We are with you at home
Domestic work and collective action — Archives, memories, testimonies
In recent decades, the formation of a global economy of care and domestic services has become one of the central elements in understanding the transformations of work in capitalist societies (Ehrenreich and Hochschild, 2002; Lutz, 2011). This process of “international division of reproductive labour” (Parreñas, 2001; Anderson, 2007) is an example of how historical inequalities have been reconfigured and deepened in the transition from colonial to postcolonial contexts (Cox, 2006; Sartri, 2008). The absence of public care policies, combined with labour market deregulation and labour shortages in the sector, has produced a scenario of labour and social precariousness in which gender, ethnicity and class intersect. Employers’ preference for migrant workers—often without residence permits—has allowed the formation of a new servile class, characterised by fragile ties, an almost complete absence of rights and low wages (Giordano, 2022).
This context of structural vulnerability fuels the idea that domestic and care work is marked by social invisibility and a supposed inability to mobilise collectively. However, this interpretation tends to obscure the long history of resistance and organisational experiences led by these workers. Since the 19th century, multiple examples of labour demands and struggles against oppressive practices demonstrate that the sector, far from being disorganised, has been the scene of various forms of mobilisation for better working conditions (Anderson, 2001; Boris and Nadassen, 2008; Gutiérrez-Rodríguez, 2010). To recover and reflect on this historical trajectory is not only an exercise of remembrance, but a necessary step to reinscribe domestic and care work in the global history of labour struggles, challenging narratives that seek to naturalise its subalternity.
>> Registration (free but mandatory)
DOMESTIC AND ARCHIVAL WORK
The title of this meeting is taken from a letter sent by a domestic worker to her union, kept in an archive, with no date, no sender or recipient, only a handwritten note: archive. It reads: ‘And never think you are alone, we are with you in the house where we work.’
We took inspiration for this meeting from this short excerpt, part of a text that describes, in the first person, the early migration to the city of Lisbon to work in someone else’s home at the age of seven.
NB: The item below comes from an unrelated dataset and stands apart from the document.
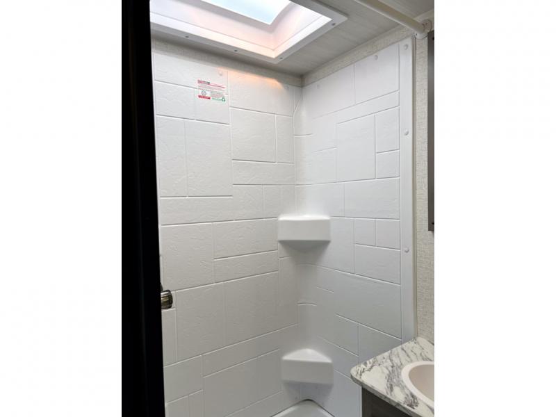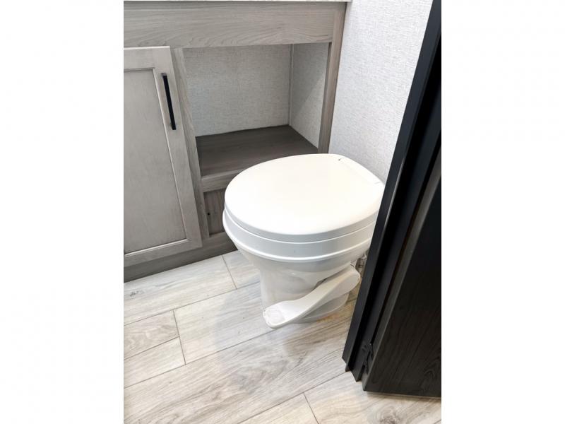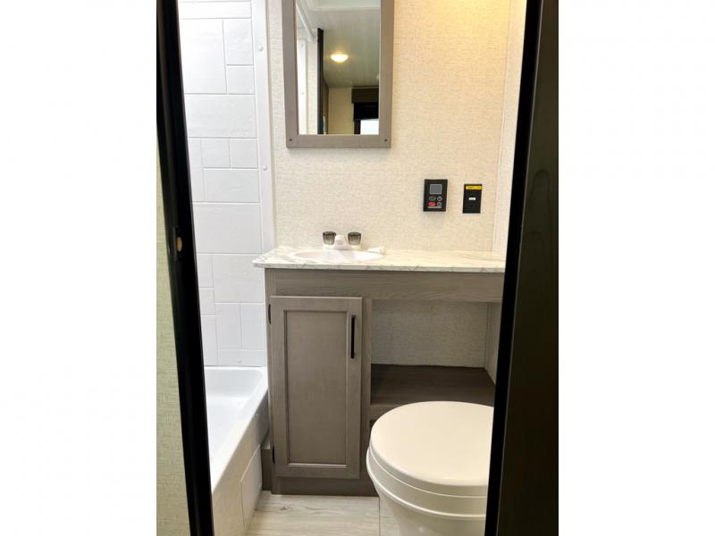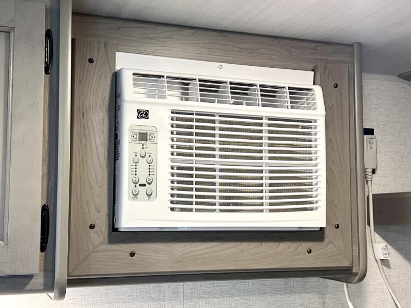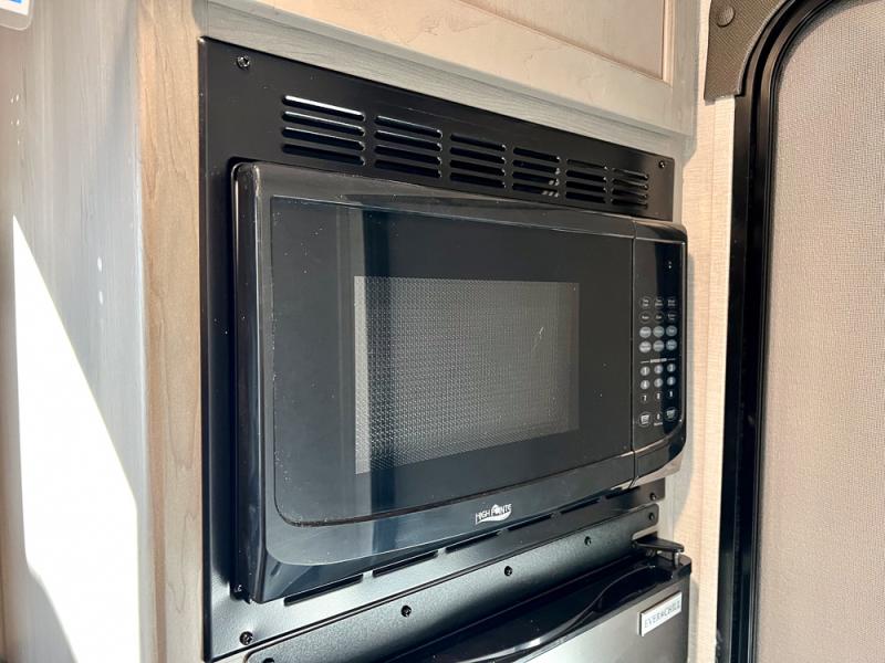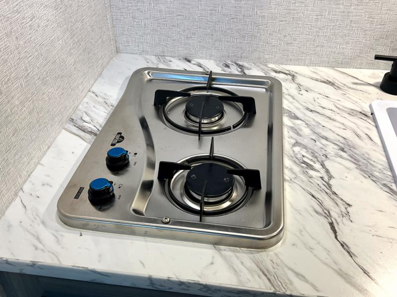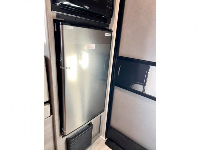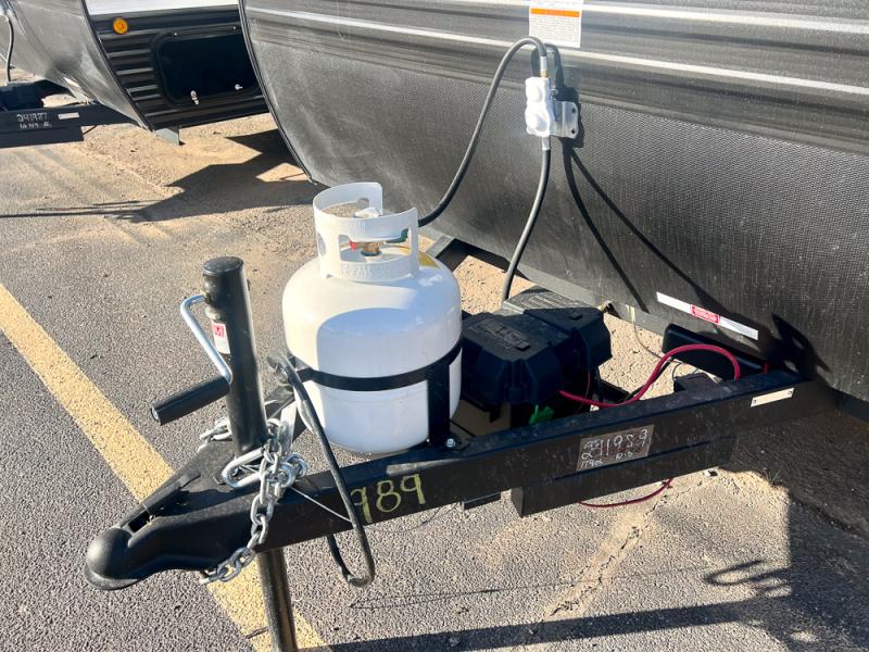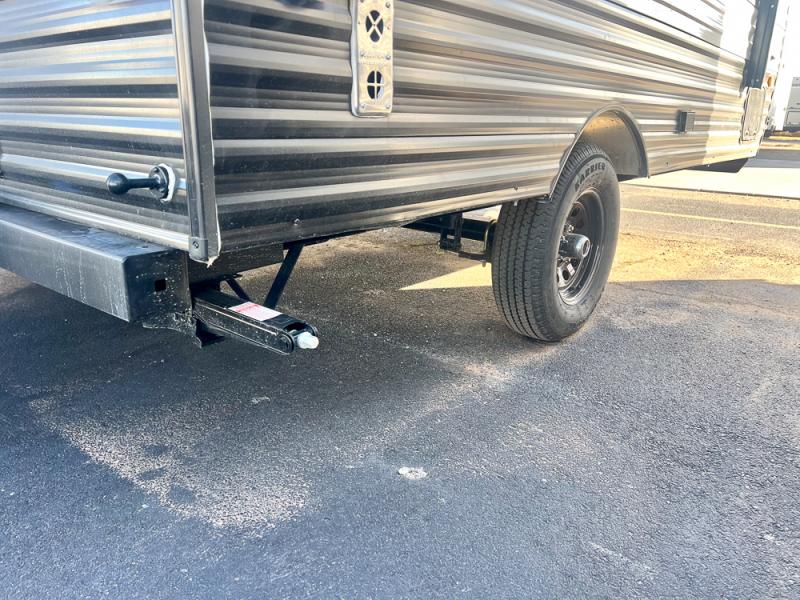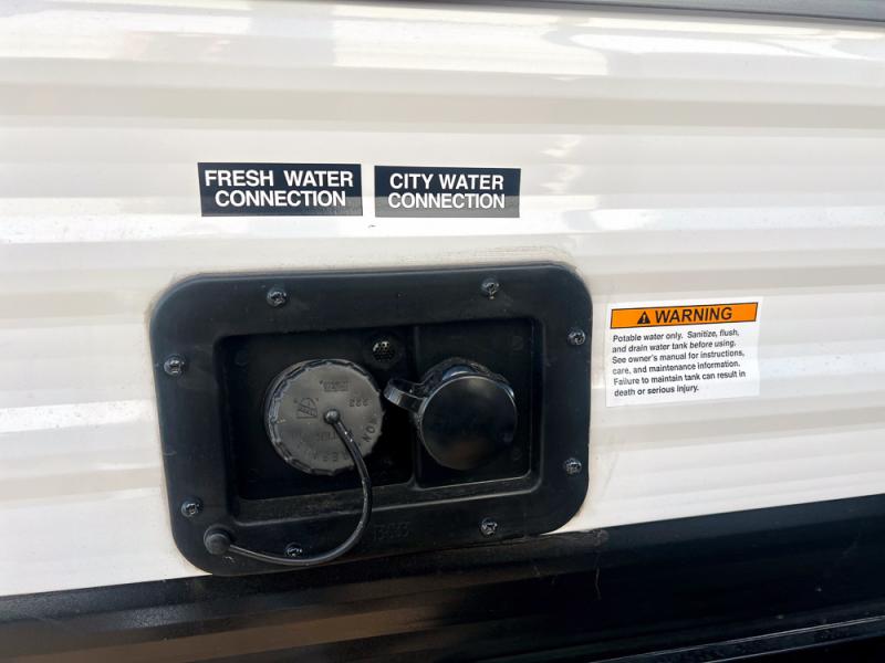This lightweight travel trailer will be easy to tow and even easier to love! There is a unique rear entry door, a front queen bed, plus a full bath onboard so you don't have to use the camp's facilities. The two burner cooktop and 12V refrigerator will let you cook and store food, and the booth dinette provides dining and sleeping space for a guest. If the weather is nice, you may just want to head outdoors to sit under the 10' power awning!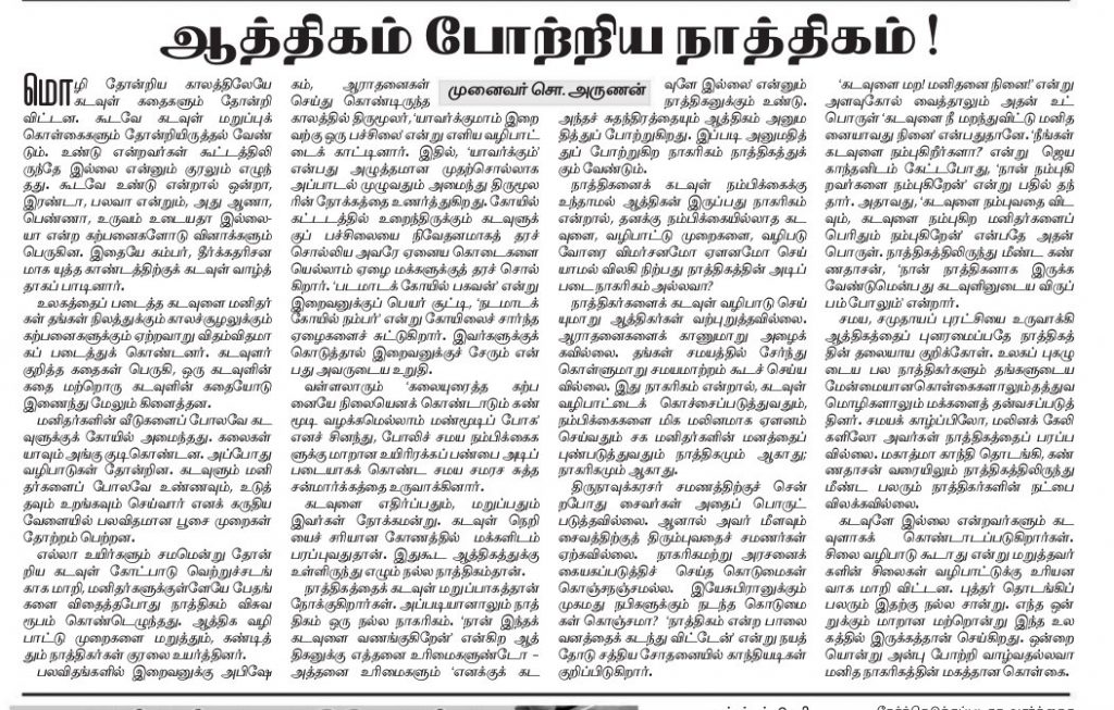 ஆத்திகம் போற்றிய நாத்திகம்? 45 views January 28, 2020 annakannan தினமணி, சென்னை, 28.01.2020 ஆத்திகத்தை நாத்திகம் போற்றியதா? நாத்திகத்தை ஆத்திகம் போற்றியதா? Author annakannan View all posts

Work on the archives of women workers’ organisations and the increased focus on trade unionism in the domestic service sector has received growing attention in recent years, throughout the world, partly driven by a renewed interest in the intersection of gender, class and migration inequalities in the sphere of paid domestic work. At this meeting, which will take place on 6 and 7 February 2026 in Lisbon, we are opening a space for, based on the project A Voz das Trabalhadoras (The Voice of Women Workers: The Archives of the Domestic Service Union [1974-1992]), to gather contributions from different geographical areas and fields of practice that intersect around domestic work, care and cleaning — and their articulation with forms of collective action, cooperativism, trade unionism, and memory construction.
Thus, with immersion in trade union archives and experiences of self-management and cooperativism in domestic service as our main starting point, we invite submissions of proposals that focus on the various repertoires of organisation and struggle adopted by workers in this sector/activity, focusing on oral history or archival research, the narration of experiences and self-representations of working conditions and contexts.
A TRANSNATIONAL AND INTERDISCIPLINARY DIALOGUE
Seeking to establish a transnational and interdisciplinary dialogue on these experiences, contributions are welcome in the following areas:
- Archival practices of/on domestic work;
- Migratory flows, citizenship, gender, and racialisation in domestic, cleaning, and care work;
- Collective action, cooperativism, and trade unionism in domestic work.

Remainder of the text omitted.